Opinion
2015-05108 Index No. 51403/13.
01-13-2016
Gash & Associates, P.C., White Plains, N.Y. (Louis A. Badolato of counsel), for appellant. Bryan M. Kulak (Russo, Apoznanski & Tambasco, Melville, N.Y. [Susan J. Mitola], of counsel), for respondents.
Gash & Associates, P.C., White Plains, N.Y. (Louis A. Badolato of counsel), for appellant.
Bryan M. Kulak (Russo, Apoznanski & Tambasco, Melville, N.Y. [Susan J. Mitola], of counsel), for respondents.
Opinion
In an action to recover damages for personal injuries, the plaintiff appeals, as limited by his brief, from so much of an order of the Supreme Court, Westchester County (Zuckerman, J.), dated June 3, 2015, as denied that branch of his motion which was for summary judgment on the issue of liability.

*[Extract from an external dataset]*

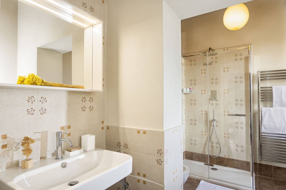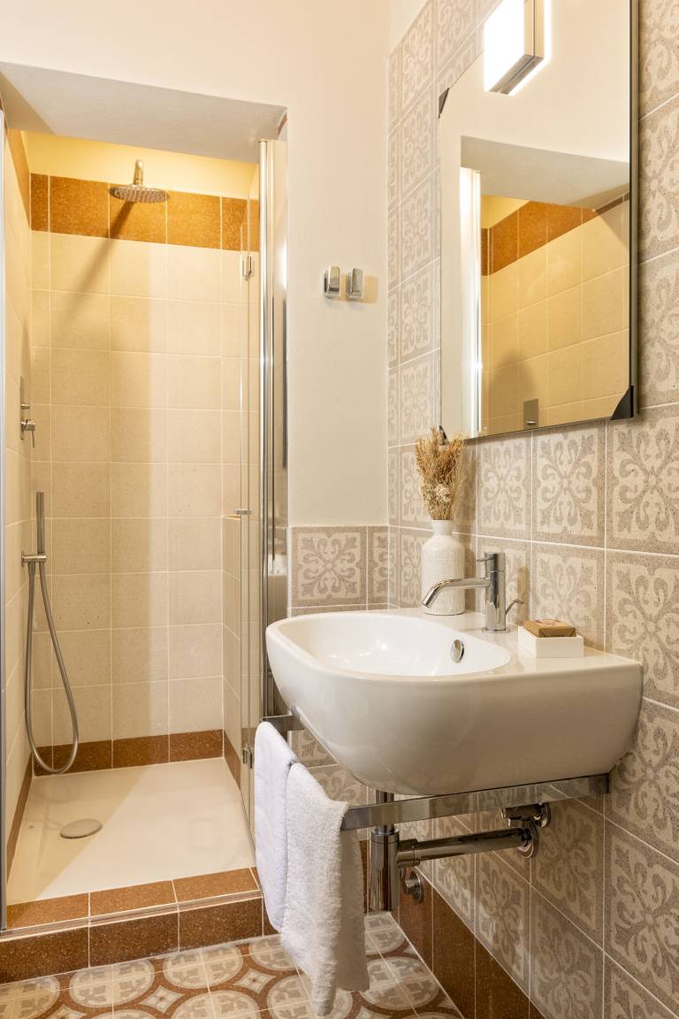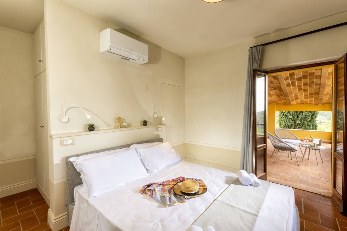 Schlafzimmer mit Bad 1: Doppelbett, WiFi Internet, Klimaanlage, Fliegengitter, Kamin, Waschbecken, WC, Bidet, Dusche, Fön.
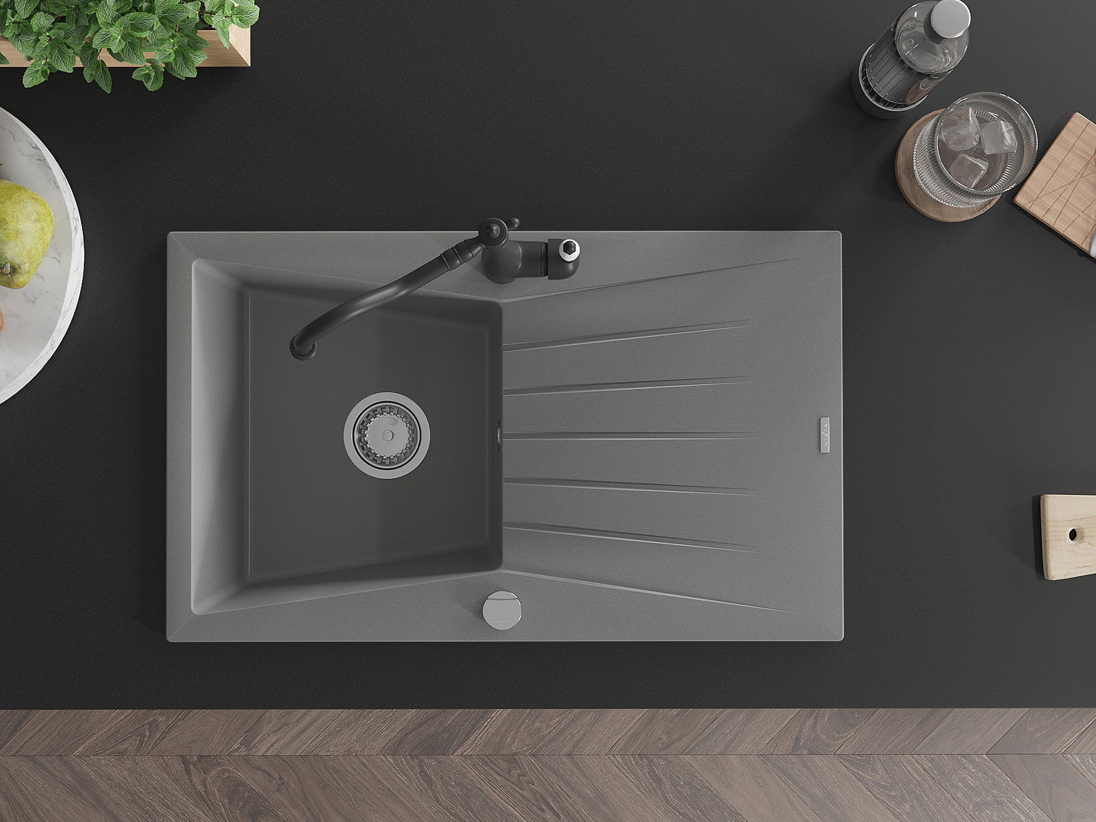 Povrch umývadla je odolný voči škvrnám a sfarbeniu, vďaka čomu sa ľahko čistí a zachováva si svoju farbu po dlhú dobu. Estetický a prakticky dopĺňajúci každú kuchyňu.

ORDERED that the order is reversed insofar as appealed from, on the law, with costs, and that branch of the plaintiff's motion which was for summary judgment on the issue of liability is granted.

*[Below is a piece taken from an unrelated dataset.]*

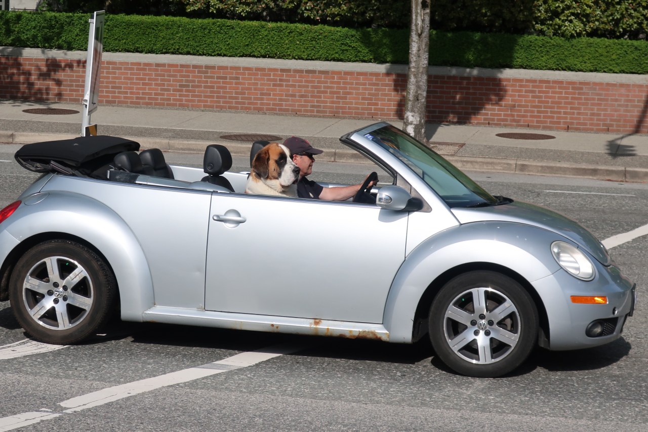 Et celui qui m’a le plus fait rire : en voiture avec son chien mastoc, assis sur le siège avant, à côté de son maître droit comme un i. On se demande qui du maitre ou du chien conduit !
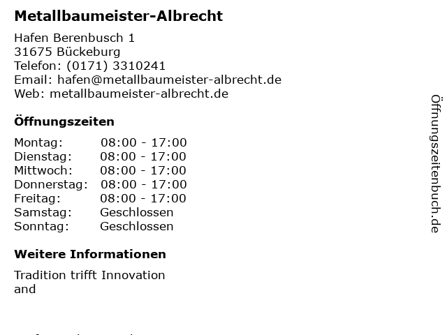 | Öffnungszeiten Metallbaumeister-Albrecht in Bückeburg anzeigen | |

The plaintiff allegedly was injured when a vehicle he was operating was struck in the rear by a vehicle operated by the defendant Stephanie Dalessio and owned by the defendant Lynn Dalessio.
A rear-end collision with a stopped or stopping vehicle establishes a prima facie case of negligence on the part of the operator of the rear vehicle, requiring that operator to come forward with evidence of a nonnegligent explanation for the collision in order to rebut the inference of negligence (see Tutrani v. County of Suffolk, 10 N.Y.3d 906, 861 N.Y.S.2d 610, 891 N.E.2d 726; Drakh v. Levin, 123 A.D.3d 1084, 1 N.Y.S.3d 202; Hauswirth v. Transcare N.Y., Inc., 97 A.D.3d 792, 794, 949 N.Y.S.2d 154; Napolitano v. Galletta, 85 A.D.3d 881, 925 N.Y.S.2d 163; Volpe v. Limoncelli, 74 A.D.3d 795, 795, 902 N.Y.S.2d 152; Ahmad v. Grimaldi, 40 A.D.3d 786, 834 N.Y.S.2d 480; Purcell v. Axelsen, 286 A.D.2d 379, 729 N.Y.S.2d 495). The plaintiff established his prima facie entitlement to judgment as a matter of law on the issue of liability by submitting evidence demonstrating that he had been stopped in traffic for about 30 seconds when he was rear-ended by the defendants' vehicle (see Sokolowska v. Song, 123 A.D.3d 1004, 1005, 999 N.Y.S.2d 847; Lisetskiy v. Weiss, 123 A.D.3d 775, 777, 999 N.Y.S.2d 83; Gallo v. Jairath, 122 A.D.3d 795, 797, 996 N.Y.S.2d 682). In opposition, the defendants failed to raise a triable issue of fact. The defendant driver's contention that the plaintiff's vehicle came to a sudden stop was conclusory and insufficient, in and of itself, to provide a nonnegligent explanation for the rear-end collision (see Brothers v. Bartling, 130 A.D.3d 554, 556, 13 N.Y.S.3d 202; Xian Hong Pan v. Buglione, 101 A.D.3d 706, 707, 955 N.Y.S.2d 375). Furthermore, the defendant driver's contention that she did not recall seeing brake lights or any other illumination on the plaintiff's vehicle prior to the collision was also insufficient to raise a triable issue of fact (see Balducci v. Velasquez, 92 A.D.3d 626, 629, 938 N.Y.S.2d 178; Cortes v. Whelan, 83 A.D.3d 763, 764, 922 N.Y.S.2d 419; Macauley v. ELRAC, Inc., 6 A.D.3d 584, 585, 775 N.Y.S.2d 78). Moreover, to the extent that the defendants contend that the plaintiff's brake lights malfunctioned, they failed to provide evidence sufficient to raise a triable issue of fact as to whether the alleged malfunctioning of the brake lights was a proximate cause of the accident (see Gross v. Marc, 2 A.D.3d 681, 682, 768 N.Y.S.2d 627; Filippazzo v. Santiago, 277 A.D.2d 419, 420, 716 N.Y.S.2d 710).
Accordingly, the Supreme Court should have granted that branch of the plaintiff's motion which was for summary judgment on the issue of liability.